Set down the first line below and each line after it, ending with the one that holds "1.1 This specification". Pictures do not belong in the copy.

══ EXCERPTED RECORDS ══

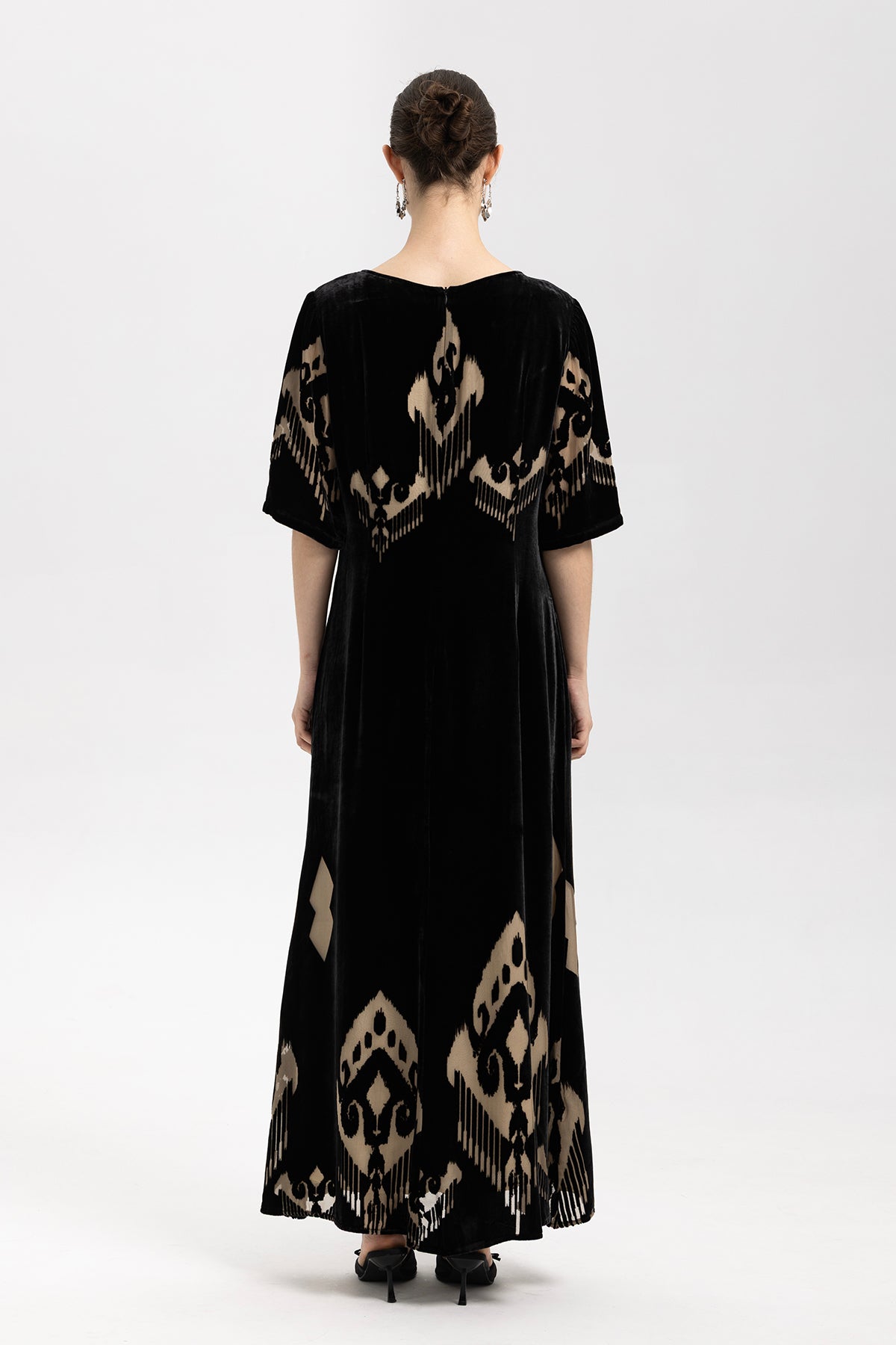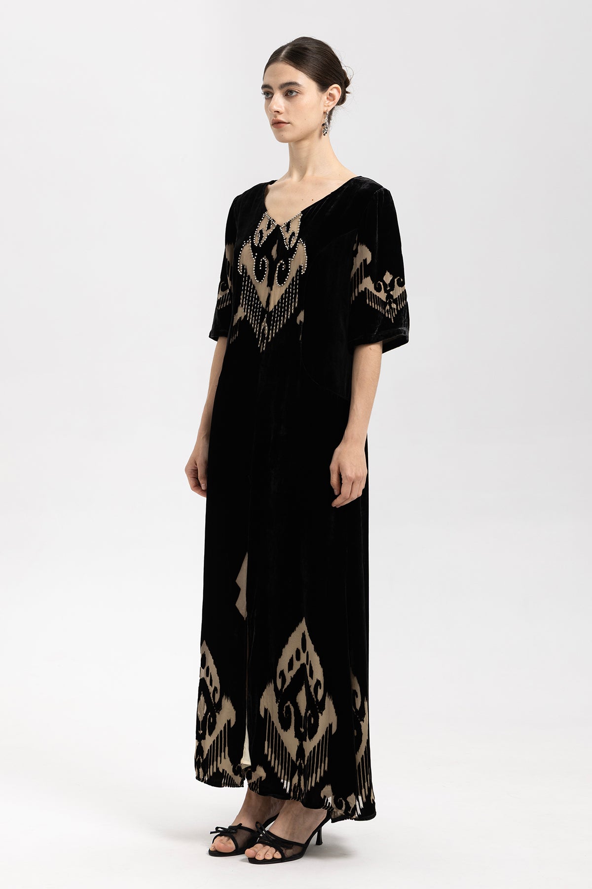 Ikat Burnout Velvet V-Neck Maxi Dress
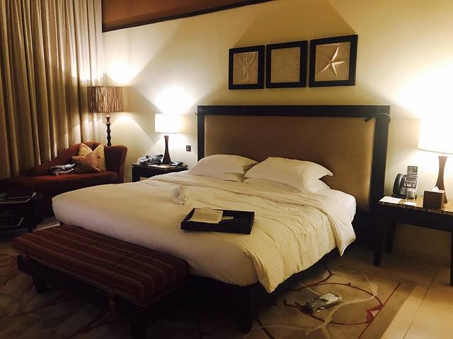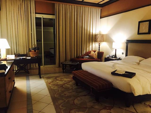 推开门,房间里装饰着本地独有的织物和原创艺术品,展现出浓郁的阿联酋风情,温暖的海岛阳光与清冷的硬木家具形成鲜明对比,躺在舒适的超大号床上(感觉有两米五宽),尽享挺括的高级密织纯棉床品以及蓬松羽绒被和羽绒枕带来的极致舒适奢华,在埃及棉的丝滑和温柔下入眠。
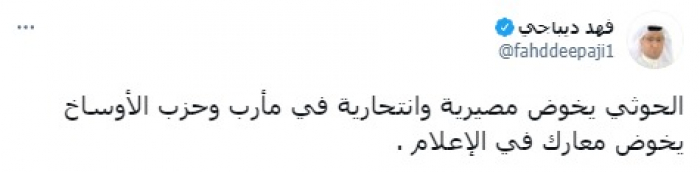 وقال في تغريدة على حسابه بموقع التدوين المصغر تويتر، اليوم إن: "الحوثي يخوض معركة مصيرية وانتحارية في مأرب وحزب ...... يخوض معارك في الإعلام".
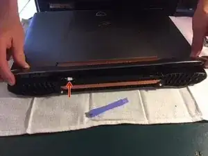 После снятия крышки петли и поддевания задней панели переверните ноутбук и откройте экран более чем на 90°.
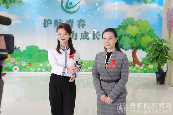 学校党委委员、副校长邹晓青通过直播镜头向全省大学生介绍了贵州省艾滋病防治教育基地(青春健康俱乐部)的建设情况。邹晓青表示,建立基地的初衷是为深入贯彻落实“健康贵州行动”,增强高校师生健康意识、观念和培养良好的生活方式,促进青年学生身心健康全面发展。下一步将构建相关学科教学与教育活动相结合、课堂教育与课外实践相结合、经常性宣传教育与集中式宣传教育相结合的健康教育目标模式,形成家庭、学校、社会三位一体的互动式青春健康教育新格局。为贵州省各级各类学校开展艾滋病防治宣传教育、青春健康教育的开展做好示范表率作用。
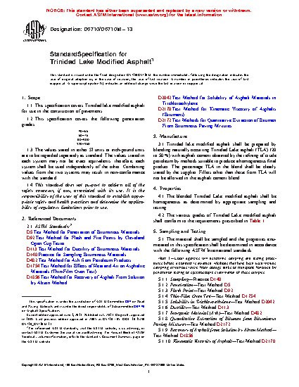 1.1 This specification covers Trinidad Lake modified asphalt for use in the construction of pavements.
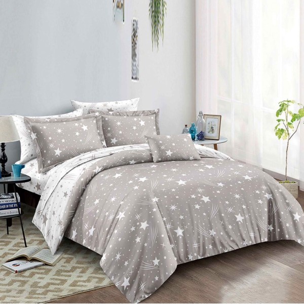 Lenjerie pat 1 PERSOANA, 4 piese, cu ELASTIC, Gri, stelute, Johny Home Pucioasa, cod produs: SPR-YE-11
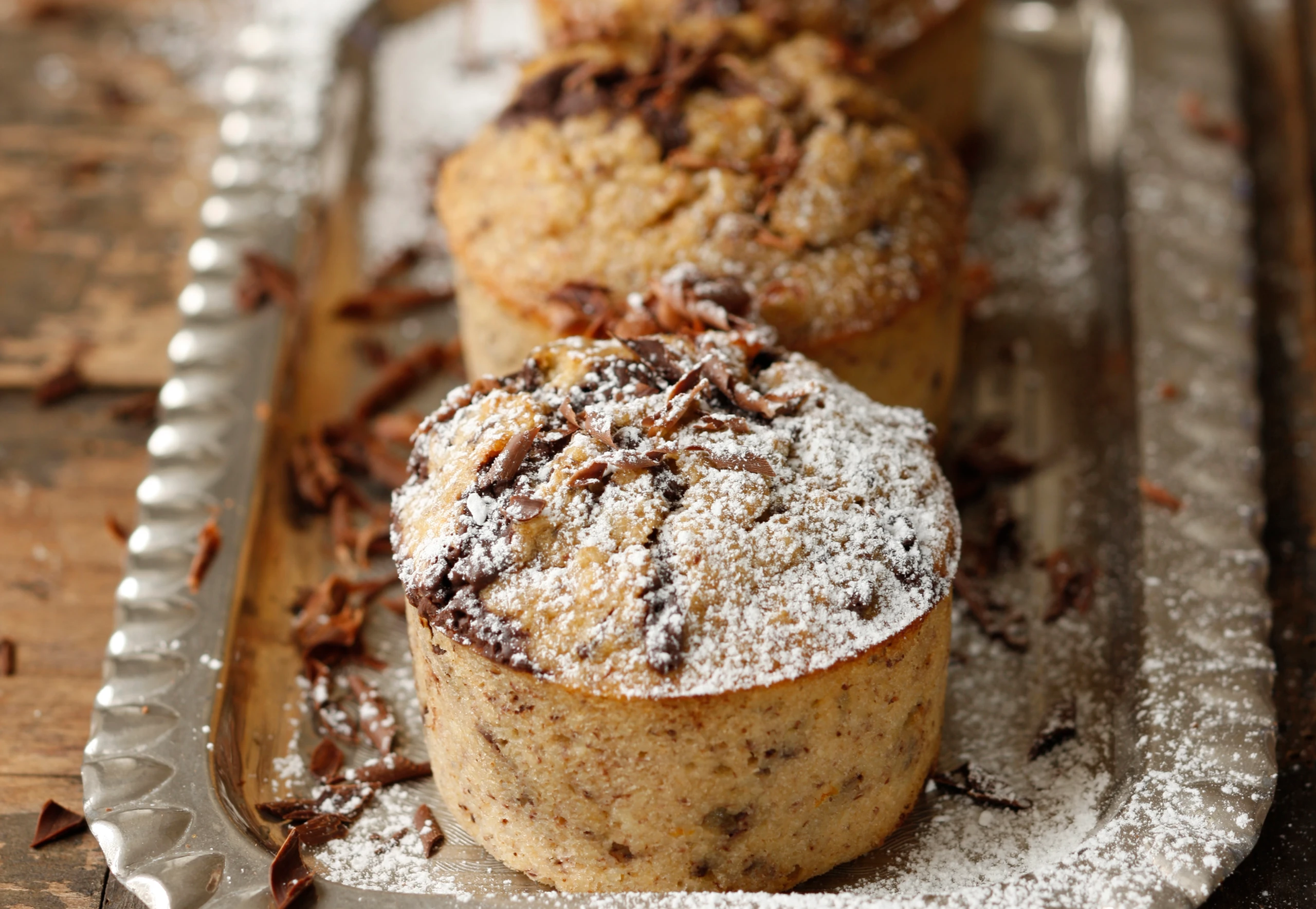 Mehl, Nüsse, Backpulver und Salz vermischen und rasch unter die Bananenmischung heben. Schokolade grob hacken und untermischen. Teig in den Förmchen verteilen und im Rohr (mittlere Schiene / Gitterrost) goldgelb backen (ca. 35 Minuten). Cakes eventuell mit Schokoflocken garnieren.
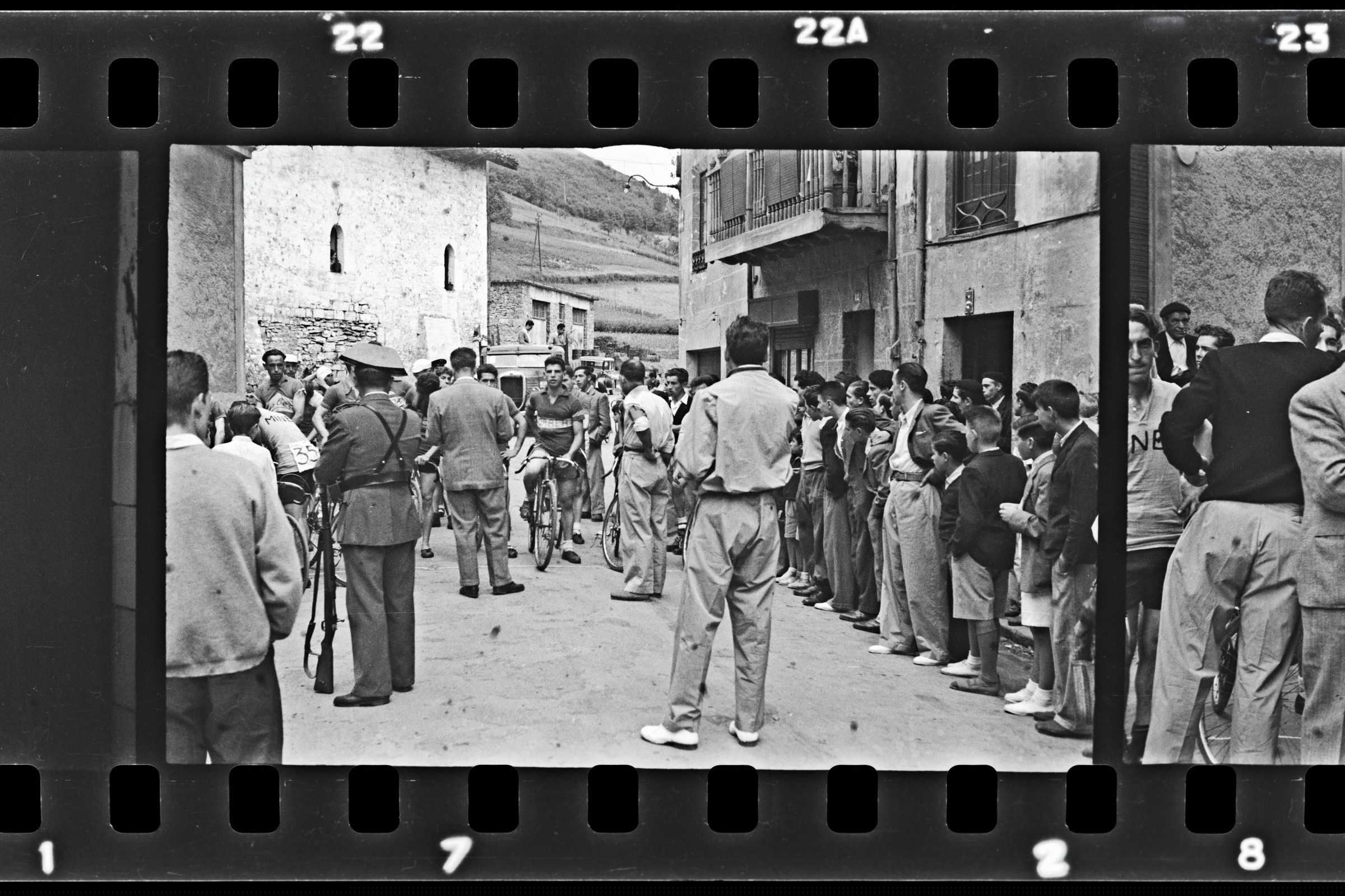 Txirrindulari lasterketaren irteera San Antonion; lehenengo planoan antolatzaileak eta goardia zibila; barrenean Karloskua ikus daiteke | Ciclismo San Antonio. |

═══

[EXERCISE RESPONSE]
 Ikat Burnout Velvet V-Neck Maxi Dress
 推开门,房间里装饰着本地独有的织物和原创艺术品,展现出浓郁的阿联酋风情,温暖的海岛阳光与清冷的硬木家具形成鲜明对比,躺在舒适的超大号床上(感觉有两米五宽),尽享挺括的高级密织纯棉床品以及蓬松羽绒被和羽绒枕带来的极致舒适奢华,在埃及棉的丝滑和温柔下入眠。
 وقال في تغريدة على حسابه بموقع التدوين المصغر تويتر، اليوم إن: "الحوثي يخوض معركة مصيرية وانتحارية في مأرب وحزب ...... يخوض معارك في الإعلام".
 После снятия крышки петли и поддевания задней панели переверните ноутбук и откройте экран более чем на 90°.
 学校党委委员、副校长邹晓青通过直播镜头向全省大学生介绍了贵州省艾滋病防治教育基地(青春健康俱乐部)的建设情况。邹晓青表示,建立基地的初衷是为深入贯彻落实“健康贵州行动”,增强高校师生健康意识、观念和培养良好的生活方式,促进青年学生身心健康全面发展。下一步将构建相关学科教学与教育活动相结合、课堂教育与课外实践相结合、经常性宣传教育与集中式宣传教育相结合的健康教育目标模式,形成家庭、学校、社会三位一体的互动式青春健康教育新格局。为贵州省各级各类学校开展艾滋病防治宣传教育、青春健康教育的开展做好示范表率作用。
 1.1 This specification covers Trinidad Lake modified asphalt for use in the construction of pavements.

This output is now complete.